The irony of “Leave Me Alone” is that Jackson had spent his life carefully cultivating a career as the world’s most visible entertainer, complete with the publicizing of his own weirdness. It’s difficult to imagine Jackson truly wanting to end up all alone, like Burgess Meredith on the Twilight Zone, because you simply can’t have it both ways.

Highly underrated filmHoled up at his Neverland Ranch, he was a real-life Edward Scissorhands – right down to actually owning the actual scissor-adorned gloves Johnny Depp wore in the movie. But fame, coupled with the love he had for his adoring fans, was certainly the strongest intoxicant Jackson could have been addicted to.

I respect the passion of the fans that gravitated to the Dime article comment section, though I thought it was futile to argue that Jackson’s mind hadn’t gotten a bit warped over time.

That said, I think that’s understandable. I’m not sure it’s possible to remain totally normal when you possess genius levels of talent – Bobby Fischer went insane, Michael Jordan is an overgrown kid with overgrown toys and whims, Kerouac drank himself to death – and the constant red glow of the cameras of the information age have made that progressively more difficult.

The line between genius and madness is difficult to straddle, but there’s no inherent shame in that.
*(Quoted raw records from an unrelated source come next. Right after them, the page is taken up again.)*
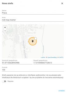 Wpisuję nazwę dla strefy, wskazuję na mapie lokalizację. Ustawiam też promień zasięgu strefy.
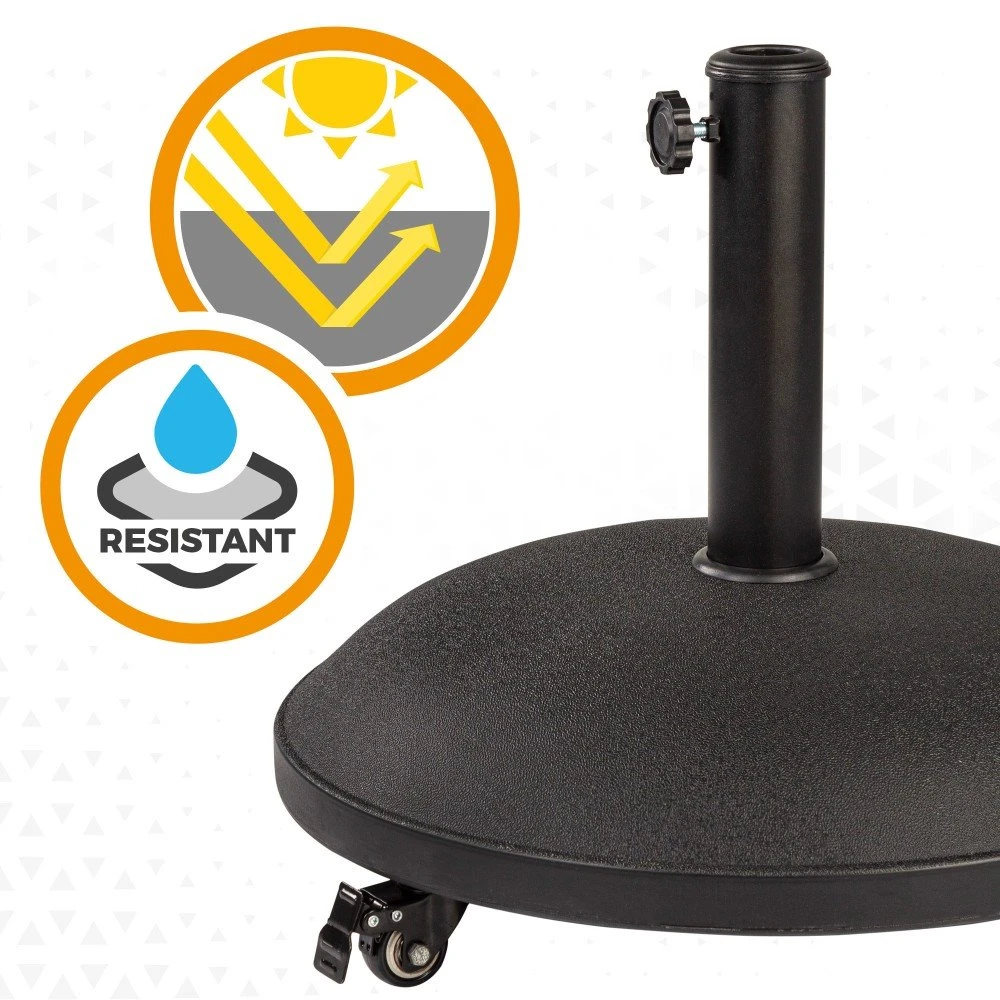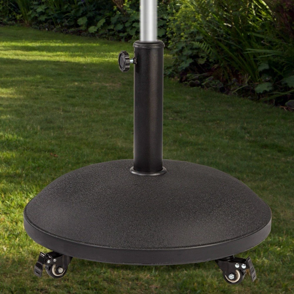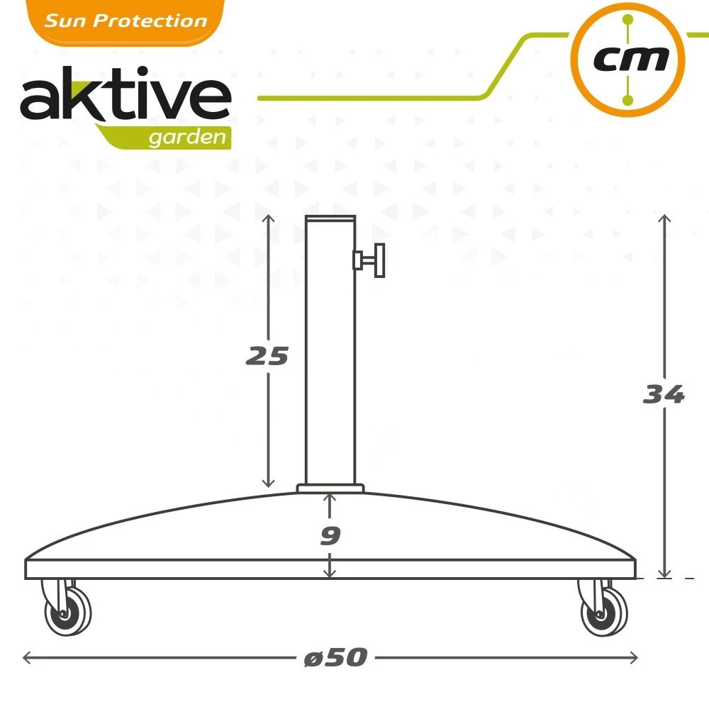 Soporte para sombrilla Aktive Garden en cemento con 4 ruedas con freno y medidas de 50 cm de diámetro y 38 cm de alto. La pieza pesa 25 kilos. El diseño es funcional e incluye tubo de acero para anclar el mástil apto para sombrillas con mástil de 35 y 48 mm, con rosca estable. Los materiales son resistentes al agua y al sol. Ideal para asegurar la estabilidad y sujeción de tu sombrilla frente al viento.
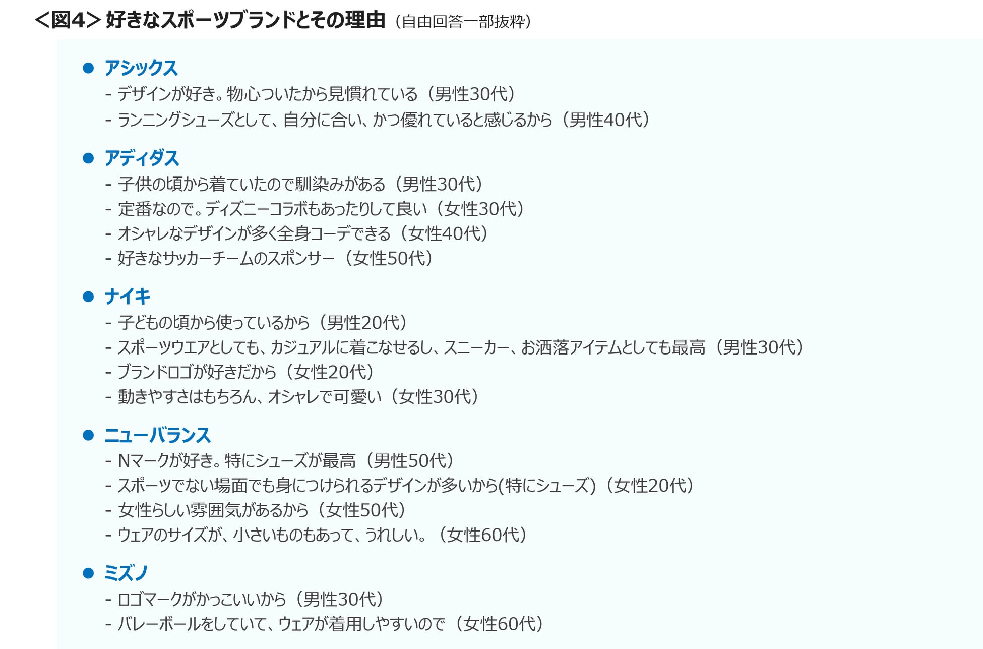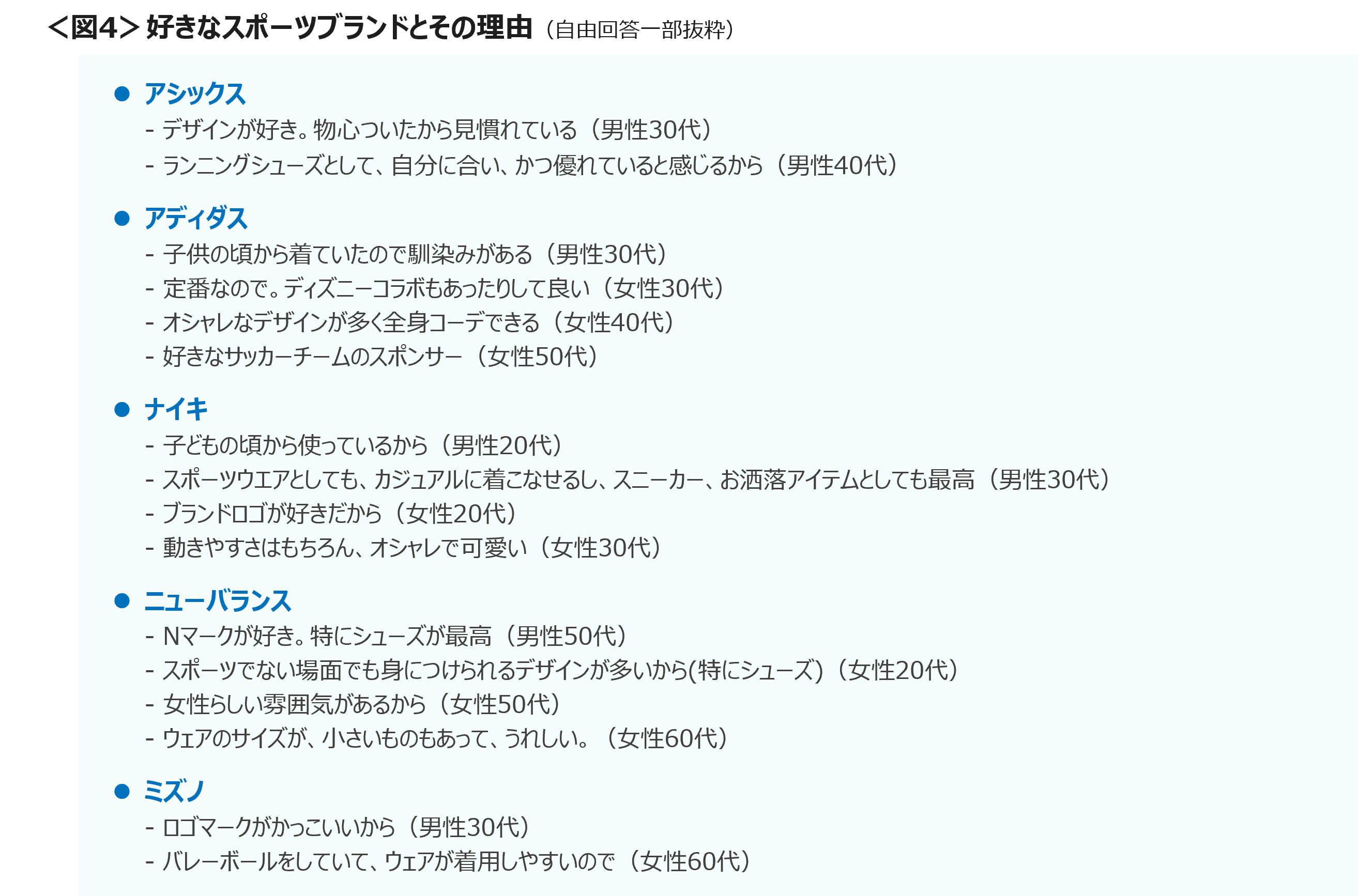 好きなスポーツブランドは「アシックス」「アディダス」「ナイキ」「ニューバランス」「ミズノ」などがあげられ、好きな理由としては「子どもの頃から着ているので馴染みがある」「ロゴ・デザインが好き」といった回答がみられた。<図4>
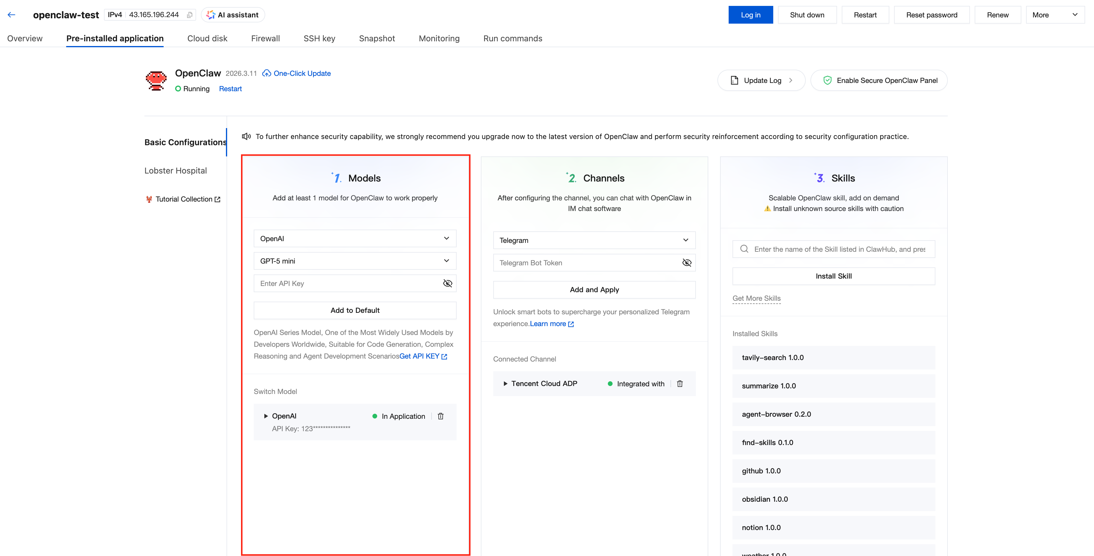 3. After the update is complete, go to the Application Management tab. In the "Channel Configuration" input box, select "Tencent Cloud ADP", enter the ClientToken and SignKey of the RemoteBot obtained in the previous steps, and click Add and Apply. After several tens of seconds have passed, the page will prompt "Save Successful", indicating that the configuration is complete.
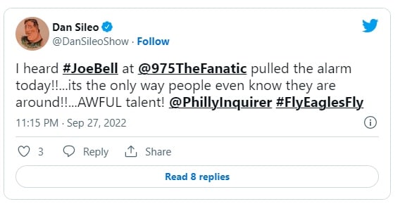 The background is that Joe Bell once fired Dan Sileo, who currently hosts The National Football Show for JAKIB Media. This goes back 10 years, to when Bell, who is now the Beasley VP and Market Manager in Philadelphia, was doing the same gig in the Miami region. Sileo was one of his hosts on Sports Radio 560 WQAM, and was suspended and later canned for tweeting inappropriate things at Erin Andrews, which was documented by Awful Announcing at the time:
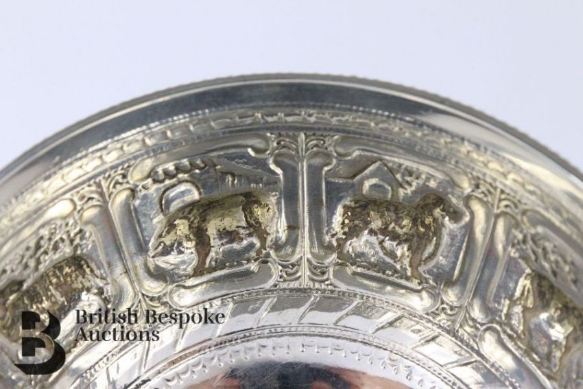 Victorian silver christening bowl, of circular form, embossed with animals including horse, lion, elephant and dog, approx 12 cms diameter x 7 cms h, London hallmark, dated 1873, mm Barnard & Sons.
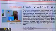 CBS This Morning on Tuesday highlighted a recent Pew Research poll that "says politics is now making the Internet very unfriendly....nine percent of social networking users say they've un-friend...or blocked someone whose politics they disagree with." But the morning show failed to mention that the poll explained that "liberals are the most likely...to block, unfriend, or hide."

He wasn’t the first; he won’t be the last.

There are obviously certain details and rumors of Michael Jackson’s life that we’ll never be able to reconcile. But as I said to the Jackson fans on Dime, I don’t question that he brought a lot of good to a lot of people both intentionally and inadvertently, and if that’s what they want his primary legacy to be, I see no problem with going along with that.